According to the fourth aspect of the present invention, by setting the thickness of the silicon oxide layer to 100 angstroms or more, the etching can be effectively stopped, and by setting it to 500 angstroms or less, the amorphous It is possible to provide a method for manufacturing a contact-type image sensor capable of preventing deterioration of interface characteristics due to electronegativity between a silicon layer and a silicon oxide layer.
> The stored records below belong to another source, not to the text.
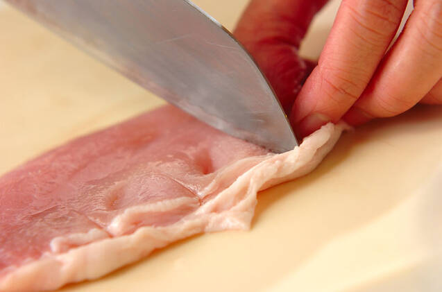 豚ロース肉の脂身と赤身の間にある筋を包丁の先で3~4カ所切る。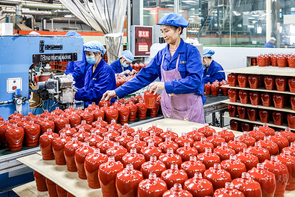 2024年10月14日,合江县临港工业园区,工人在泸州川玻科技有限公司生产线上赶制订单,冲刺四季度。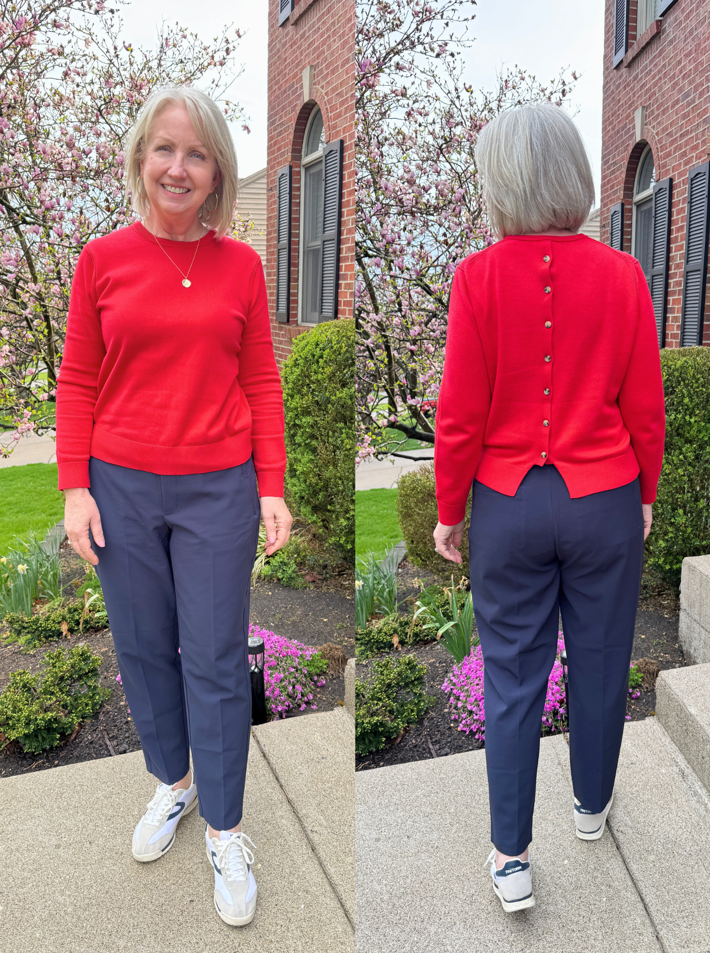 Beautiful outfits on you. I really like the raspberry sweater so pretty. The red sweater with the button detail in the back is so unique and pretty too. You will look stunning in England.

[Brief description of drawings]

FIG. 1 is a partial cross-sectional view showing a series of manufacturing steps of a contact image sensor using a thin film transistor as a switching element and a photodiode as a photoelectric conversion element.

FIG. 2 is a partial cross-sectional view showing the manufacturing process of the contact image sensor, following FIG. 1;

FIG. 3 is a partial plan view showing a series of manufacturing steps of the contact image sensor drawn corresponding to FIGS. 1 and 2.
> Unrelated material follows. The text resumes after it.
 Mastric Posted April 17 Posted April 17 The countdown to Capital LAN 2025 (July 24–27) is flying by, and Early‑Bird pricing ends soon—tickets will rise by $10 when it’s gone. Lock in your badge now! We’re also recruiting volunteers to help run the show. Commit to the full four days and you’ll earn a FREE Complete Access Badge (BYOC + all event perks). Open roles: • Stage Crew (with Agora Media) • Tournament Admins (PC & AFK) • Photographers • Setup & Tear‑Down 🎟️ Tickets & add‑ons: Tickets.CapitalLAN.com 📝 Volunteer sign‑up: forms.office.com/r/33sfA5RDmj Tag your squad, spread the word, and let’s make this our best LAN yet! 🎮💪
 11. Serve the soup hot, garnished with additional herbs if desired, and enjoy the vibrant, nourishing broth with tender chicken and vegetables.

FIG. 4 is a partial plan view showing a series of manufacturing steps of the contact image sensor drawn in correspondence with FIGS. 1 and 2, following FIG. 3;

FIG. 5 is a partial cross-sectional view showing a series of manufacturing steps of a conventional contact image sensor.

[Explanation of symbols]

10, 60 Glass substrate 12, 62 Chrome electrode 14, 64 Silicon nitride layer 16 Silicon oxide 20, 66 i-type amorphous silicon layer 22, 68 n ⁺ -type amorphous silicon layer 28, 74 Photodiode 30, 76 Source electrode 32, 78 Drain electrode 33 lower electrode 34, 80 thin film transistor (TFT) 40, 82 silicon oxide layer 48, 50, 90, 94 upper electrode

 ─────────────────────────────────────────────────── ─── Continuation of the front page (72) Mitsuru Sakamoto 5-10-1, Fuchinobe, Sagamihara-shi, Kanagawa Inside the Electronics Research Laboratory, Nippon Steel Corporation (72) Seiji Takayama 5--10, Fuchinobe, Sagamihara, Kanagawa No. 1 Nippon Steel Corporation Electronics Research Laboratory

Claims (4)

[Claims] 1. A contact type image sensor in which a photodiode is used as a photoelectric conversion element and a thin film transistor is used as a switching element to form a sensor element, wherein a gate insulating film of the thin film transistor is made of silicon nitride and silicon oxide, and the gate insulating film is provided on a gate electrode side. To the silicon nitride and the silicon oxide in this order. 2. The contact image sensor according to claim 1, wherein the thickness of the silicon oxide is 100 angstroms or more and 500 angstroms or less. 3. A method of manufacturing a contact image sensor using a thin film transistor as a switching element of a sensor element, comprising: a first step of forming a gate electrode on a substrate; and a step of forming a silicon nitride layer on the gate electrode. The second step,
A third step of forming a silicon oxide layer on the silicon nitride layer, a fourth step of forming an amorphous silicon layer on the silicon oxide layer, and patterning the amorphous silicon layer into a predetermined shape. A fifth step of etching to the silicon oxide layer, a sixth step of forming a metal layer on the intermediate product obtained by the fifth step and patterning it into a predetermined shape, A seventh step of forming an amorphous silicon layer to be a photodiode on the patterned metal layer and patterning it into a predetermined shape, and forming an insulating film on the intermediate product obtained in the seventh step. And an eighth step of patterning this into a predetermined shape, and a ninth step of forming a wiring layer on the intermediate product obtained in the eighth step. Method for producing a contact type image sensor according to claim. 4. A silicon oxide layer is formed in the third step.
The method for manufacturing a contact image sensor according to claim 3, wherein the contact image sensor is formed to have a thickness of not less than 00 Å and not more than 500 Å.